Se quedó completamente inmóvil.
— ¿Qué?
— Le escribo desde mi cuenta — confesé, tragando saliva. — Como Celeste. Porque me gusta.
Hubo un momento de silencio.
— ¡No puede ser! — estalló al fin. — ¡Me estás diciendo que estás enamorada del tipo con el que duermes en el mismo cuarto y que encima hablas con él como si fueras tú misma! ¡¿Te volviste loca?!
— No estoy enamorada — apretando los dientes. — Solo me gusta. Es distinto.
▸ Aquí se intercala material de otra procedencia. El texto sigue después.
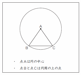 5, 次の図のように、円を使って書いた三角形ABCは、二等辺三角形になります。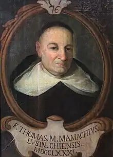 Thomas Maria Mamachi (December 4, 1713 in Chios June 7, 1792 in Corneto, near Montefiascone), was an Italo-Greek Dominican theologian and historian.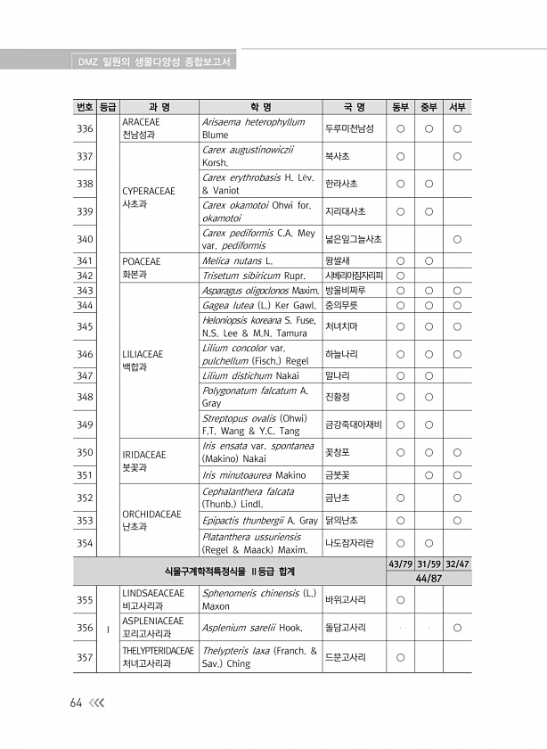 DMZ 일원의 생물다양성 종합보고서 64 번호 등급 과 명 학 명 국 명 동부 중부 서부 336 ARACEAE 천남성과 Arisaema heterophyllum Blume 두루미천남성 ○ ○ ○ 337 CYPERACEAE 사초과 Carex augustinowiczii Korsh. 북사초 ○ ○ 338 Carex erythrobasis H. L?v. & Vaniot 한라사초 ○ ○ 339 Carex okamotoi Ohwi for. okamotoi 지리대사초 ○ ○ 340 Carex pediformis C.A. Mey var. pediformis 넓은잎그늘사초 ○ 341 POACEAE 화본과 Melica nutans L. 왕쌀새 ○ ○ 342 Trisetum sibiricum Rupr. 시베리아잠자리피 ○ 3...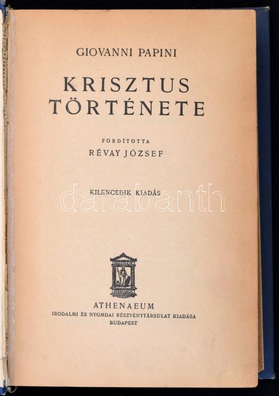 Leírás: Giovanni Papini: Krisztus története. Fordította: Révay József. Bp., é.n., Athenaeum. Kiadói kopottas egészvászon-kötés, hiányzó elülső előzéklappal.

— ¡Distinto nada! ¡Estás cruzando todas las líneas posibles! ¿Sabes lo que prometimos? ¡Esto era temporal! ¡Tenías que pasar desapercibida! ¡No involucrarte emocionalmente con nadie, y menos con alguien que podría descubrirte!
— ¡No planeé que me gustara! — repliqué, con los ojos nublados. — No lo busqué. Solo pasó. Pero lo he manejado. Nunca me he expuesto. No sabe nada.
— ¡Claro que lo manejas! ¡Durmiendo al lado de él! ¡Hablándole como tú! ¡Enviando mensajes como si nada! ¡¿Y si se da cuenta?! ¡¿Y si conecta las piezas?!
Me sentía como una niña de cinco años siendo regañada por romper algo que ni siquiera sabía que estaba prohibido tocar.